Accessible resources give better experiences for all users and reduces risks for your organisation - for example less risk of learners failing and less risk of disabled learners being disadvantaged. Xerte is being used with learners across the spectrum – from entry level and basic skills to undergraduates. To go straight to the accessibility guidance click accessibility guidance for users or accessibility guidance for authors. Alternatively find out more about Xerte and accessibility by reading on.
Xerte has many accessibility benefits including long term partnerships with JISC, technical design, pedagogical design, an open source community and a mobile friendly output. These are explained below.
The Xerte project worked closely with the former JISC TechDis service and JISC Regional Support Centres. JISC support directly led to user testing opportunities and on-going accessibility improvements. JISC Regional Support Centres helped organisations as diverse as work based learning, adult learning, specialist colleges and universities use Xerte to create more inclusive learning resources. The Open University was actively involved in testing and accessibility. Xerte is now part of Apereo
* high level of keyboard accessibility for non-mouse users
* easy zoom and/or text resize using inbuilt browser options - for example in Internet Explorer use [CTRL +] to zoom or View > Text size >Largest to increase text size without zooming.
* compatibility with text to speech tools including browser plugins (eg ChromeSpeak for GoogleChrome), free and portable tools like Orato, Balabolka or DSpeech or commercial tools like ClaroRead, Text Help Read and Write Gold etc.
* most page types compatible with screenreader tools. ARIA Landmarks aid screenreader navigation.
* templates allowing rich media use - images, video and audio
* automatic table of contents. Every page is within three clicks
* auto-marked interactivities allowing formal and informal self testing with feedback
* easy sharing/adapting allowing resources to be repurposed for different user needs and contexts
* learners can subscribe to RSS feeds to get new or updated learning resources
* the ease of use allows non technical teachers/trainers to move to rich accessible online approaches and allows you to use learners as content creators
* runs on mobile devices and tablets (see below)
* learning objects can be easily tagged as Open Educational Resources. This makes them easy to discover by teachers or learners. A wider pool of resources makes it easier to meet learner needs.

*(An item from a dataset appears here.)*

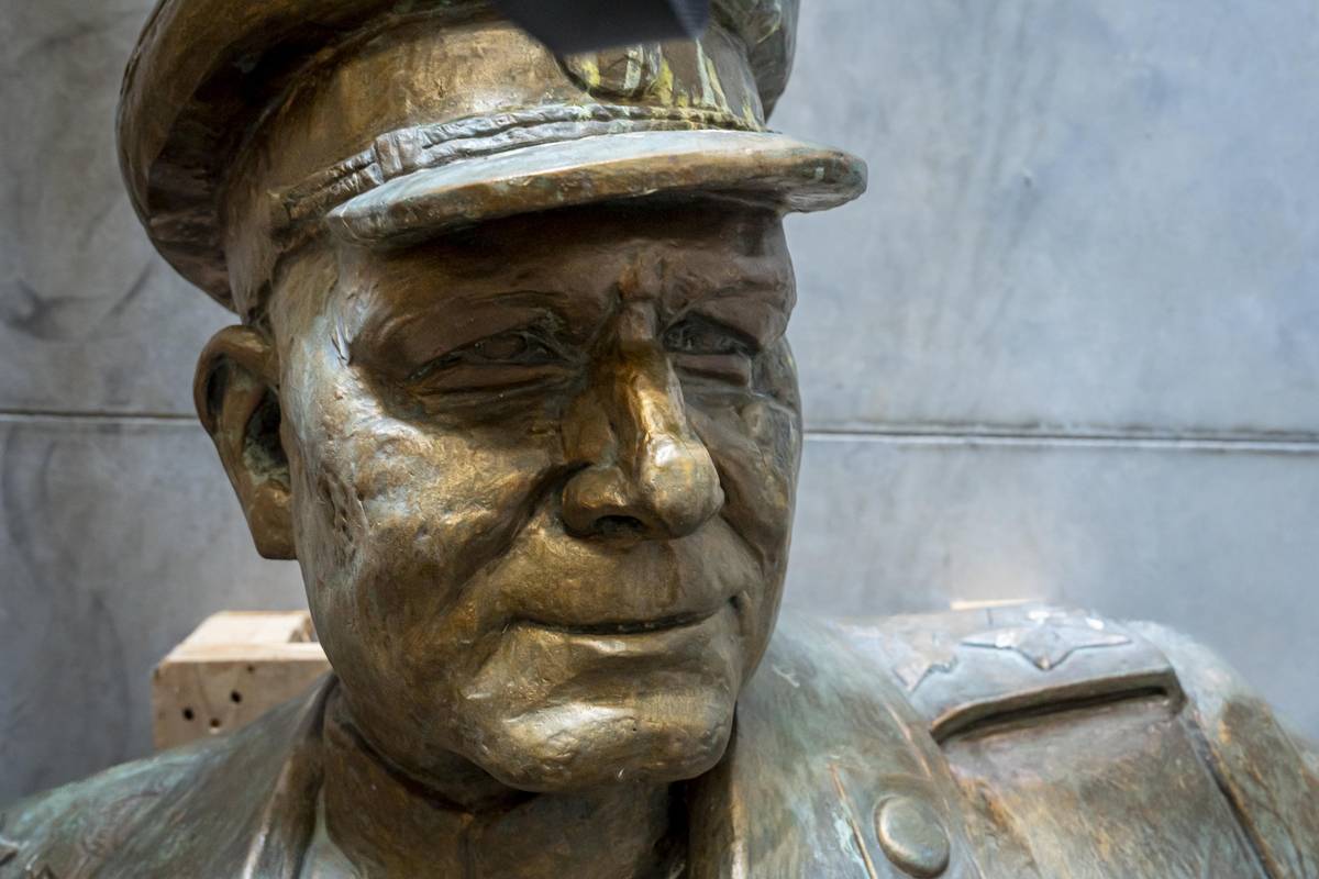 Socha maršála Koněva v depozitáři v Měšicích za Prahou

If your learners have particular access needs and you have people with the right technical skills you can adapt pages or create new types to suit your learners. Your page type could end up being part of the main build. If you encounter difficulties interacting with an assistive technology you can work with the Xerte community to improve the code.

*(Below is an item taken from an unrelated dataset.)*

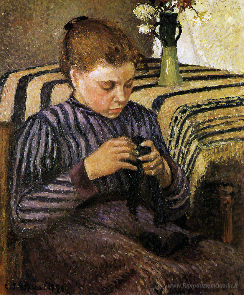 Ti offriamo una riproduzione artigianale su tela dell'opera famosa 'Giovane donna rammendo le calze' di Camille Pissarro, dal Museo delle Riproduzioni.

For many learners, mobile tablet or phone devices offer 'just in time' support. Xerte Toolkits 2.0 and upward creates learning resources in HTML5 meaning most of your pages will run on most browsers and devices. Even better, it is back-compatible. If you upgrade your Xerte installation you can turn your old Flash learning resources into mobile friendly HTML5 in a single click.

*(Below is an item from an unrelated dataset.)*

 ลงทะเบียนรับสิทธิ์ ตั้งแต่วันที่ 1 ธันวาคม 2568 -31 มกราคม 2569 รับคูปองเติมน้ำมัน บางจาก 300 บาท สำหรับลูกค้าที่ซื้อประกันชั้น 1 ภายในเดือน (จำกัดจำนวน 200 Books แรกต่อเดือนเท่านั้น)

The small screen of a smartphone means that some interactive page types may work technically but may not be very usable (for example timeline drag and drop). The Xerte Toolkits installation now includes a new "Website" or "Bootstrap" template with a more limited number of page types that are optimised for mobile devices. This allows you to choose to author for
1) a mixed PC/Tablet/Mobile setting where you provde rich interactivity but accept that some pages won't work so well on phones or
2) phone-specific resources with a more restricted set of page types but a high compatibility with a wide range of mobile phones.